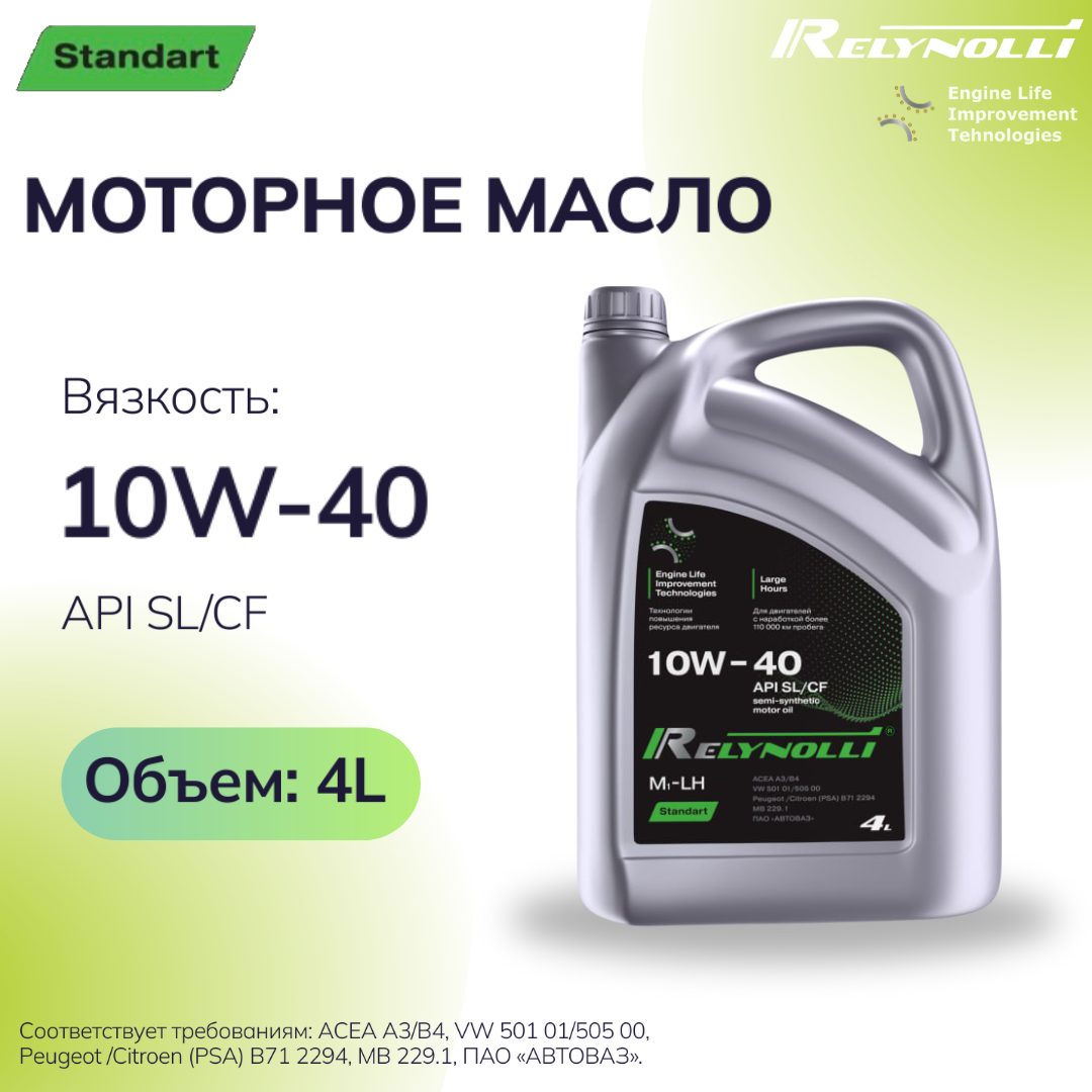 Масло моторное Relynolli Standart M1-LH 10W-40, SL/CF, 4л, канистра, ACEA A3/B4
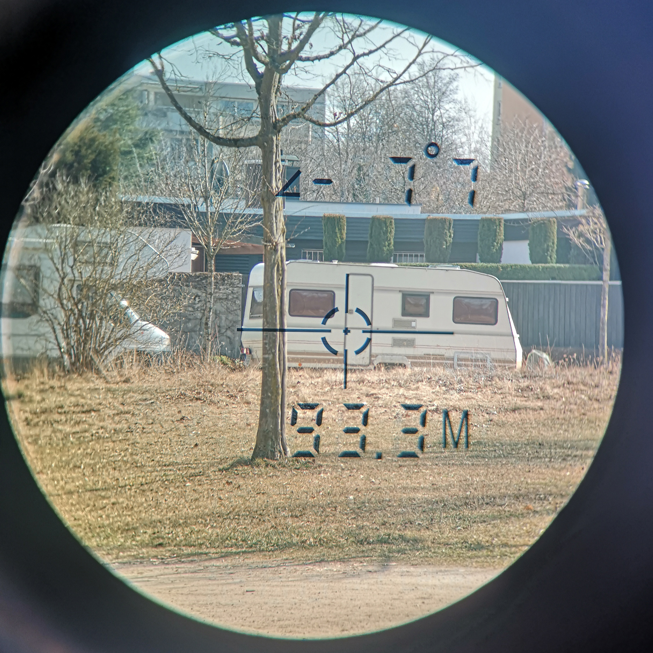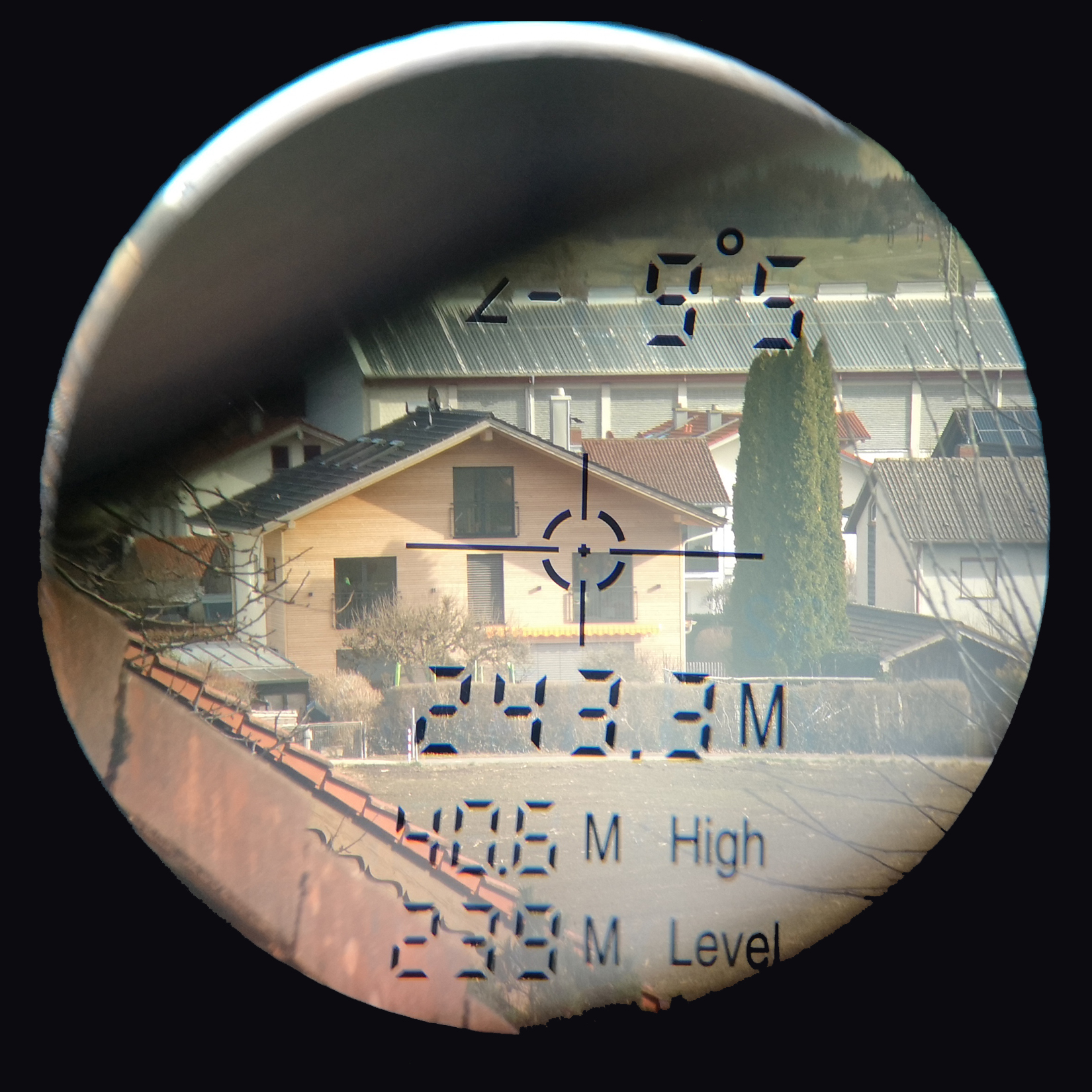 Nach dem Auslösen einer Messung werden im Standardmodus die Entfernung und der Winkel zwischen Objekt und Fernglas im Sichtfeld eingeblendet. In Bezug auf die Entfernungsmessung machen hier beide Geräte einen exzellenten Job und zeigen bis auf eine maximale Differenz von plus/minus einen Meter dasselbe Ergebnis. GPS-Messungen der Entfernung bestätigen die Messwerte zumindest annähernd. Ganz exakt können wir die Ergebnisse zwar nicht überprüfen, aber sie scheinen bis auf minimale Abweichungen zu stimmen. Probleme gibt es bei beiden Geräten, wenn wir etwa gewinkelte Dächer anvisieren. Insgesamt stellt sich das Messen kleiner Objekte in großer Entfernung trotz sechsfacher Vergrößerung als kniffelig heraus. Ohne Stativ und optische Stabilisierung ist jede kleine Handbewegung sofort sichtbar und erschwert so das Anpeilen. Größere Objekte lassen sich hingegen problemlos anvisieren. Diese sollten allerdings über einigermaßen gerade Oberfläche verfügen. Wer etwa einen Baum anpeilt, muss sonst immer mit leicht abweichenden Messergebnissen rechnen.
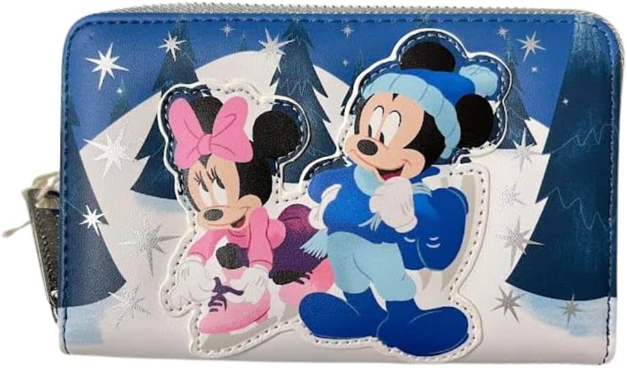 Si estas buscando una mochila y cartera a juego que tengan tema invernal pero no necesariamente navideño este set disponible en Amazon de la marca Loungefly es para tí. En el vemos a Mickey y Minnie en tonos azules, blancos y rosados teniendo una adorable cita en el lago donde se muestran patinando en la mochila y colocándose los patines en la cartera.
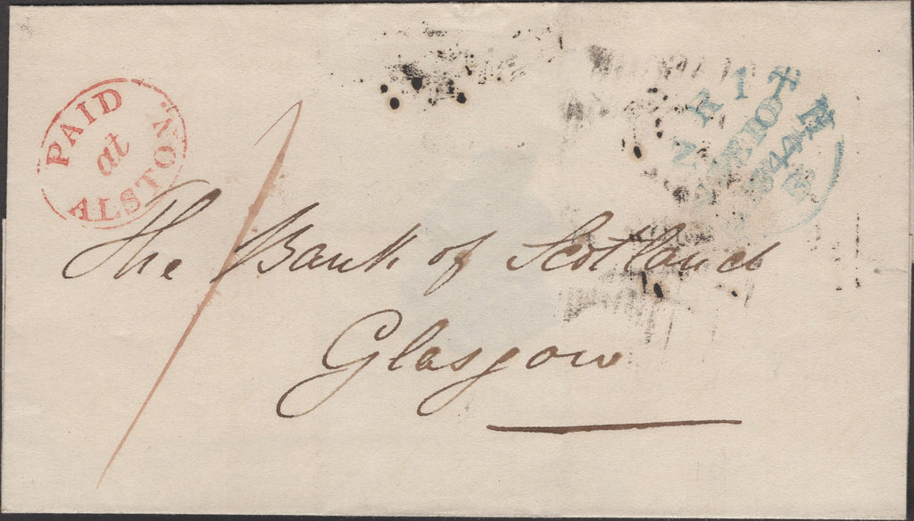 1844 MAIL ALSTON, CUMBERLAND TO GLASGOW WITH 'PAID/at/ALSTON' UNIFORM PENNY POST HAND STAMP (CU28). Wrapper, slight smudging of ink, from Alston to 'The Bank of Scotland, Glasgow' with post paid manuscript '1' and very fine strike oval 'PAID/at/ALSTON' Uniform Penny Post hand stamp in red (CU28). Also on front 'PENRITH' date stamp DE 10 1844 in blue (CU392) and on reverse very fine strike 'ALSTON' date stamp DE 9 1844 in red. (Ref 135004).
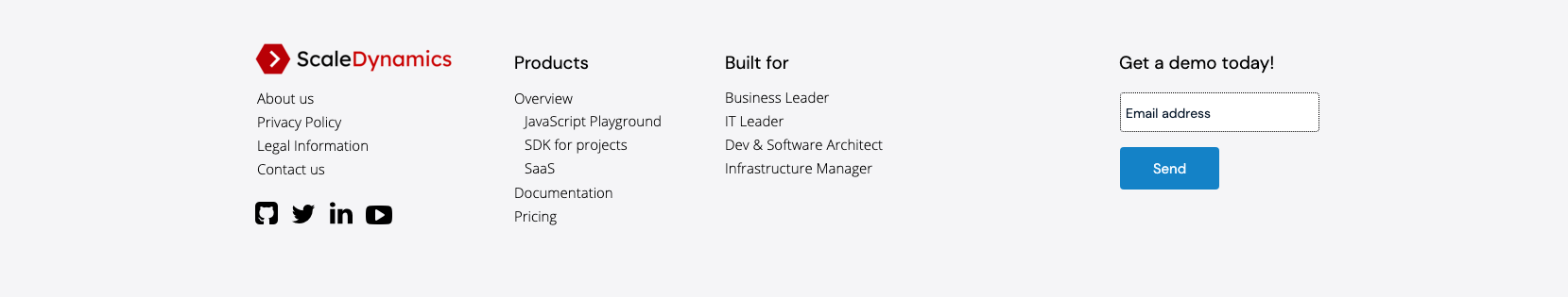 - Footer – if you want to speed up your work and make sure your footer is consistent on each landing page you create (like the one below).
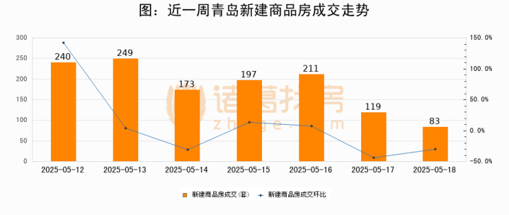 【青岛成交日报】05月18日新房成交83套、二手房55套;
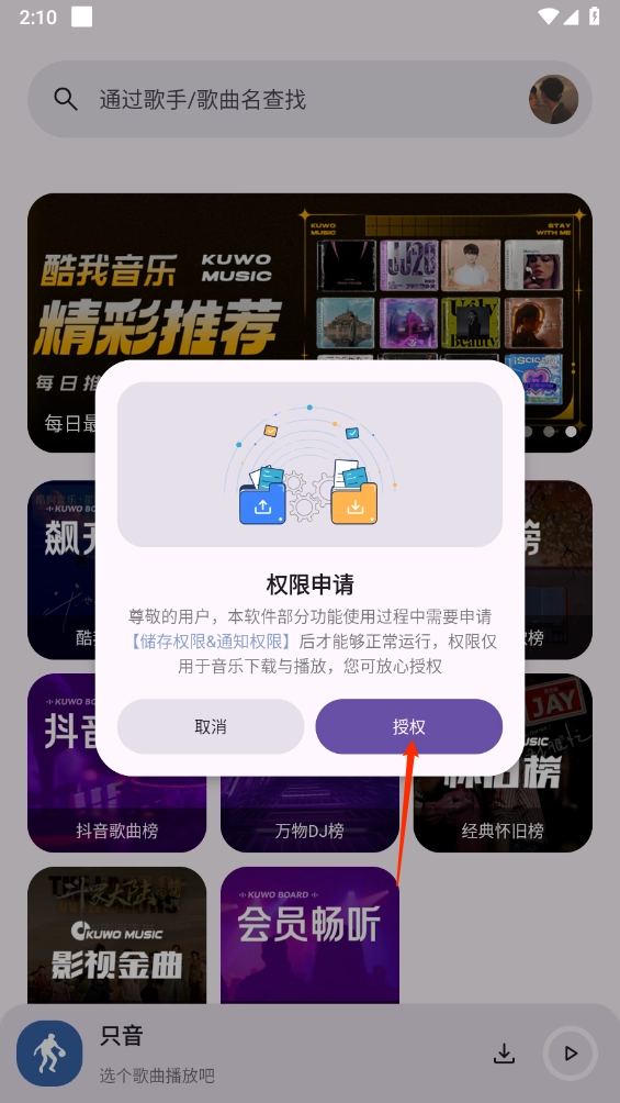 您可以先在本站完成软件安装,之后一键点击进入软件,再点击“授权”按钮以允许相关权限访问。
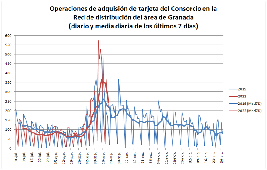La evolución de emisión de tarjetas según tipologías (Ordinaria, Familia Numerosa, Joven) no es muy diferente entre unas y otras, así que el efecto parece ser generalizado. (Datos jul-sep 2022).
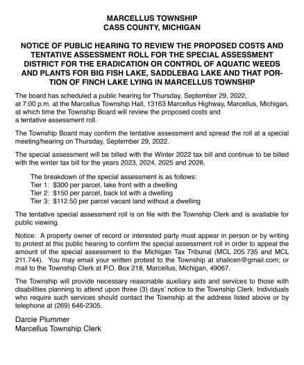 Public Hearing August 10, 2022 Supervisor Oxley called the Cedar Lake Weed Special Assessment District Public Hearing to order at 6:30 p.m. Members present- Meade, Oxley, Bitely, Nesbitt and Packer. Also present – Attorney … [Read more...] about Porter Township – Van Buren County, MI
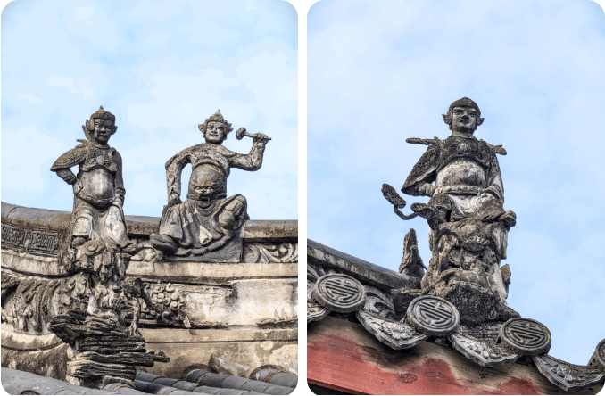 乐楼歇山顶盖小青瓦,滴水瓦当为狮子图案;屋顶正脊为砖雕双龙,四方歇山脊上均为各式辟邪怪兽,或蹲或立,八面威风,惟妙惟肖。其檐远出,斗拱宏大,颇具川西坝子古蜀干栏式建筑的风范。
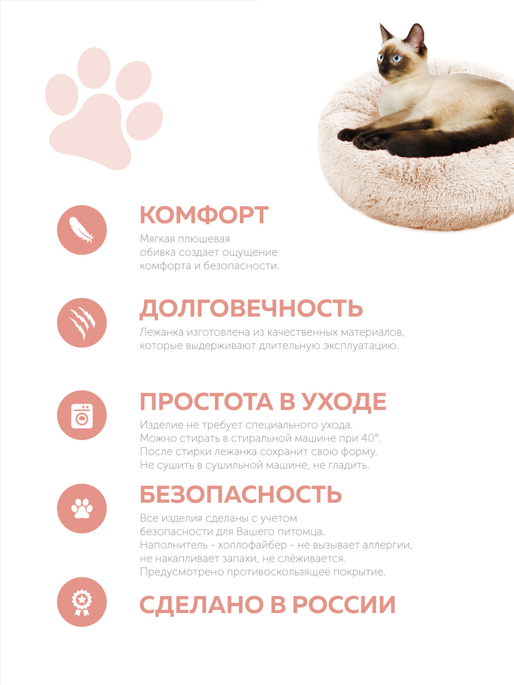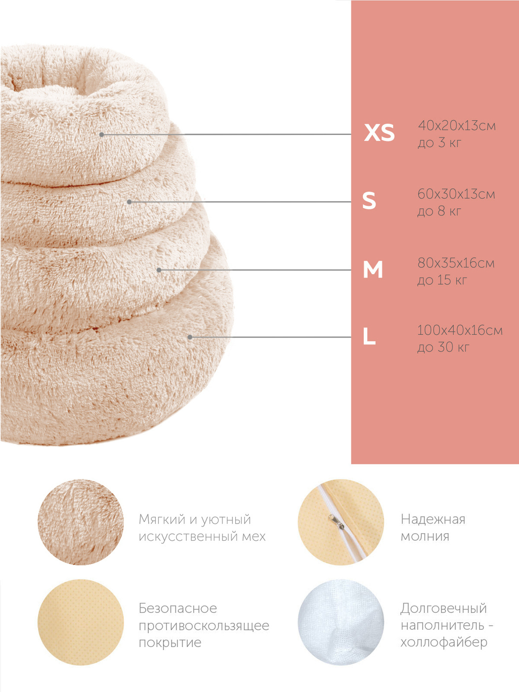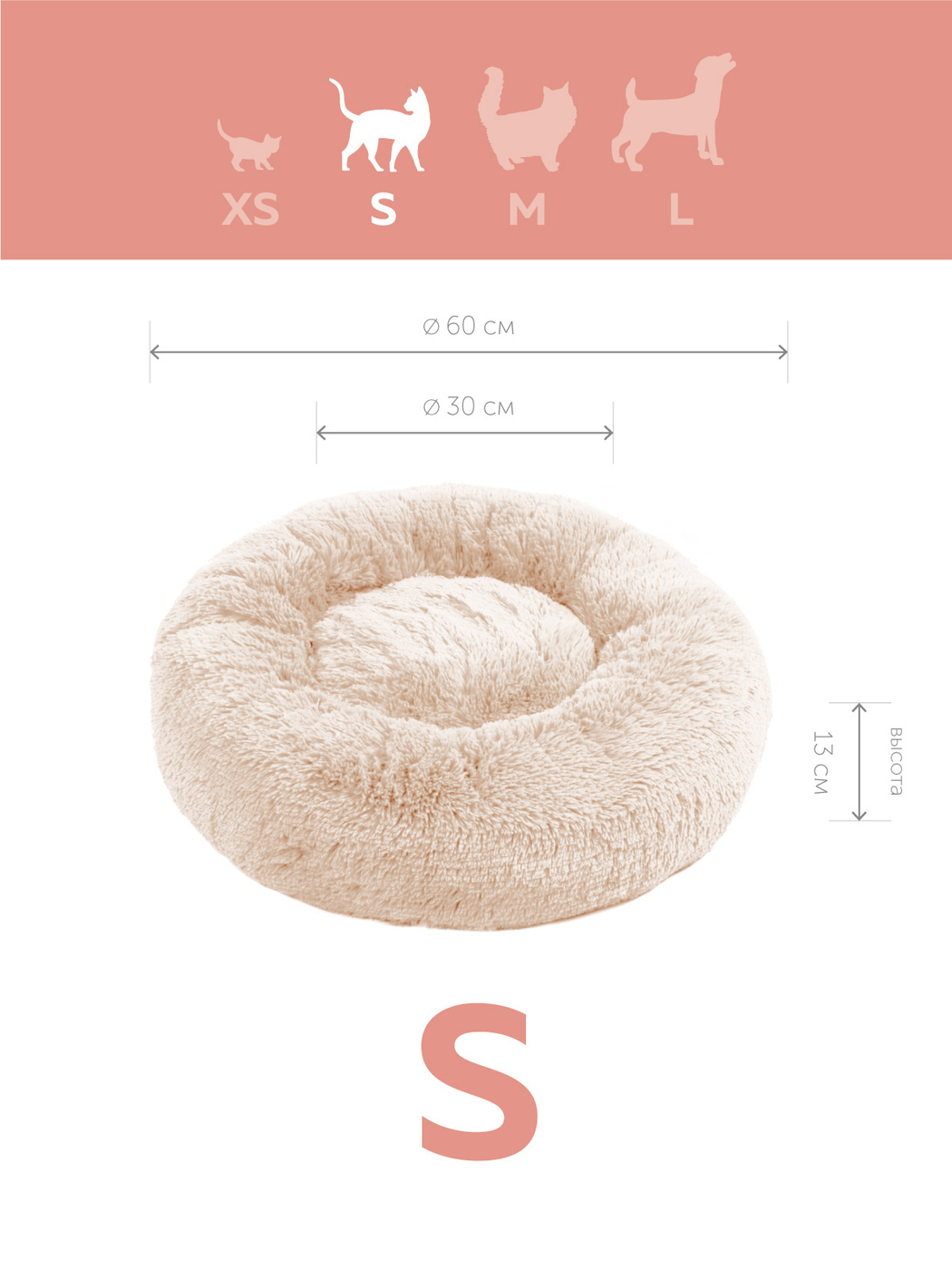 Пушистая лежанка d50 см +-5 см для средних кошек и собак цвет капучино артикул PNL60

⁂

:: Assignment ::
Exclude the pictures from the copy. Retype exactly the lines running from the one containing "乐楼歇山顶盖小青瓦,滴水瓦当" through the last line of the listing.

:: Task response ::
 乐楼歇山顶盖小青瓦,滴水瓦当为狮子图案;屋顶正脊为砖雕双龙,四方歇山脊上均为各式辟邪怪兽,或蹲或立,八面威风,惟妙惟肖。其檐远出,斗拱宏大,颇具川西坝子古蜀干栏式建筑的风范。
 Пушистая лежанка d50 см +-5 см для средних кошек и собак цвет капучино артикул PNL60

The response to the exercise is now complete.